Deadline: 18th March 2024

● This assignment is to be done individually. You can discuss the questions with others but your submission must be your own unique work.

● Data files and other supporting code for both parts are found in the folder ‘Programming Assignment’ under ‘Assignments’ on NTULearn. You should use the helper codes to begin and provide answers to the assignment. Please follow the formats given in helper codes to fill in your solutions. Those who do not follow the specified format for the answers risk losing marks for presentation.

● The assessment will be based on the correctness of the codes and solutions. Each part carries 45 marks, and 10 marks are assigned to the presentation and clarity of the solutions. The total number of marks is 100.

● You do not need GPUs for this assignment. Local PCs will be sufficient. Attempt your assignments using Jupyter Lab / Notebook with version 3 and greater.

● TAs Mr. Feng Ruicheng (RUICHENG002@e.ntu.edu.sg ), Ms. Liang Zhenxin ([email protected] ), and Mr. Liao Chang ([email protected]tu.edu.sg ) are in charge of this assignment.

● For any inquiries, please either contact TAs listed above or post in the Discussion Board of NTULearn.

Submission procedure

● Complete both parts A and B of the assignment and submit your solutions online via NTULearn before the deadline.

● All submissions should be within the notebooks provided. Do not include data nor model checkpoints in your submission. Submit 8 notebooks in this format:

o For part A

. <lastname>_<firstname>_Part_A_1.ipynb . <lastname>_<firstname>_Part_A_2.ipynb . <lastname>_<firstname>_Part_A_3.ipynb . <lastname>_<firstname>_Part_A_4.ipynb . common_utils.py

o For Part B

. <lastname>_<firstname>_Part B 1.ipynb . <lastname>_<firstname>_Part B 2.ipynb . <lastname>_<firstname>_Part B 3.ipynb . <lastname>_<firstname>_Part B 4.ipynb

● Late submissions will be penalized: 5% for each day up to three days.
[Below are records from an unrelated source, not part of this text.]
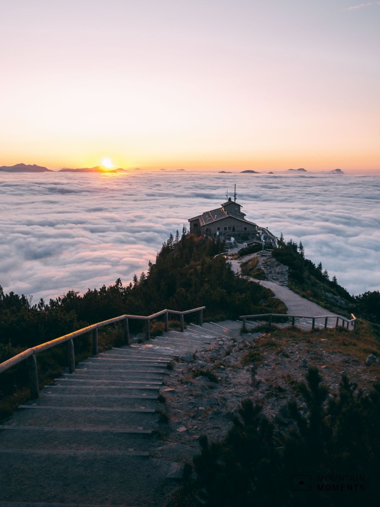 We have the best photographic view from the Kehlstein summit. Here the ridge with the Kehlsteinhaus acts as a visual element.
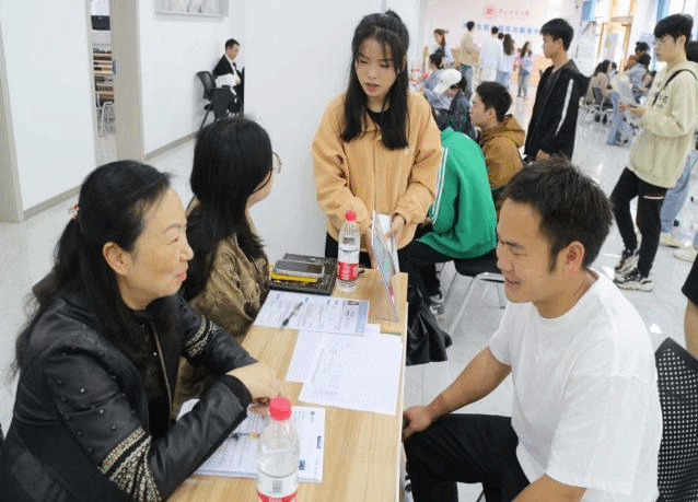 在招聘会现场,员工们主动与企业工作人员交流,了解企业的相关情况,积极投递简历。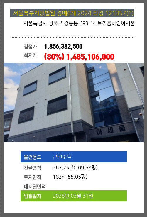 본건은 서울특별시 성북구 정릉동 693-14 트라움하임아세움
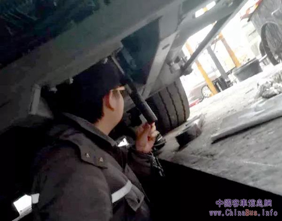 △大年初一,駐點(diǎn)服務(wù)工程師聶新煜和王邵祁正在為車輛做春運(yùn)“體檢”。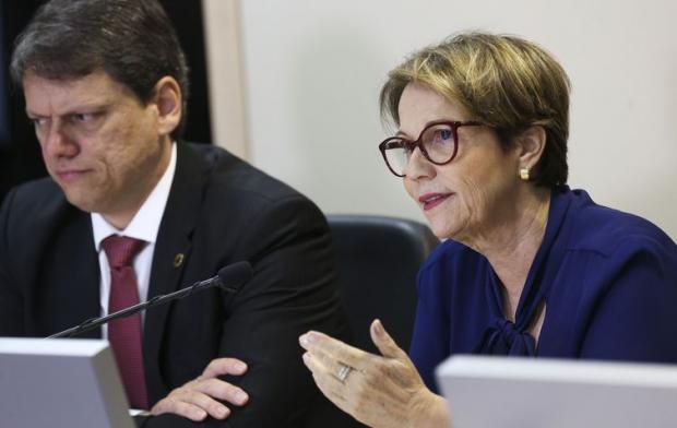 Os ministros Tarcísio Freitas, da Infraestrutura, e Tereza Cristina, da Agricultura - Antonio Cruz/ Agência Brasil

Part A: Classification Problem

Part A of this assignment aims at building neural networks to perform polarity detection from voice recordings, based on data in the National Speech Corpus, which is obtained from https://www.imda.gov.sg/how-we-can-help/national-speech-corpus

The National Speech Corpus is an initiative by the Info-Communications and Media Development Authority, and it is the first large scale Singapore English corpus. Within the dataset, there are 6 parts. In the fifth segment, speakers are made to communicate in several different styles, including Positive Emotions and Negative Emotions. The original recordings are approximately 20 minutes long. Using the librosa library, the recordings are split into shorter segments and preprocessed to features such as chromagrams, Mel spectrograms, MFCCs and various other features.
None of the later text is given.